▶ WHAT YOU NEED TO DO: Repeat only the lines from the one that contains "Bolsillo: Dos bolsillos" through the final line of the listing below, exactly, please, without pictures.

▶ INPUT DATA:
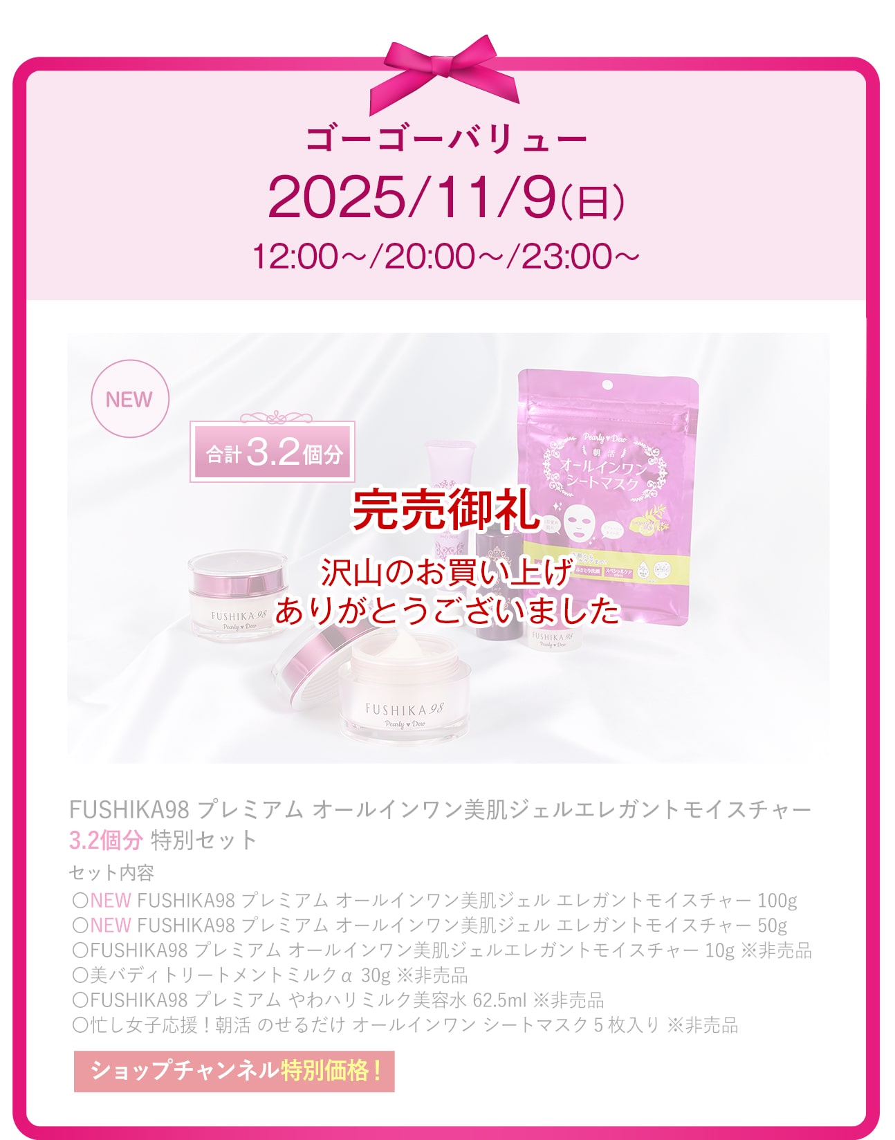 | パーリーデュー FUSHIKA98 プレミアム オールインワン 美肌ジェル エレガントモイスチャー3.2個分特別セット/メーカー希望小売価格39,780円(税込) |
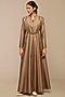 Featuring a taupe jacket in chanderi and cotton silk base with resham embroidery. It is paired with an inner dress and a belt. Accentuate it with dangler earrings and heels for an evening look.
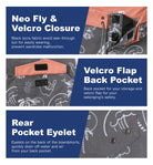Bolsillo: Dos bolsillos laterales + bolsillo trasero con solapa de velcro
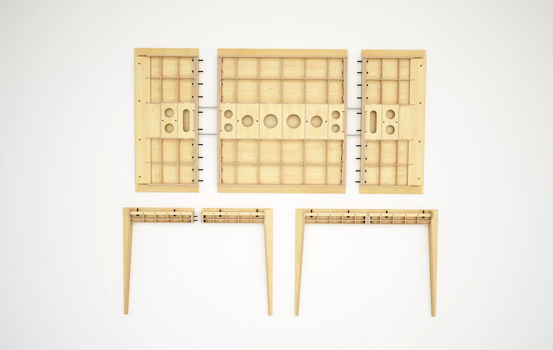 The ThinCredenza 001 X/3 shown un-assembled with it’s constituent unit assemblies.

▶ OUTPUT OF THE TASK:
Bolsillo: Dos bolsillos laterales + bolsillo trasero con solapa de velcro
 The ThinCredenza 001 X/3 shown un-assembled with it’s constituent unit assemblies.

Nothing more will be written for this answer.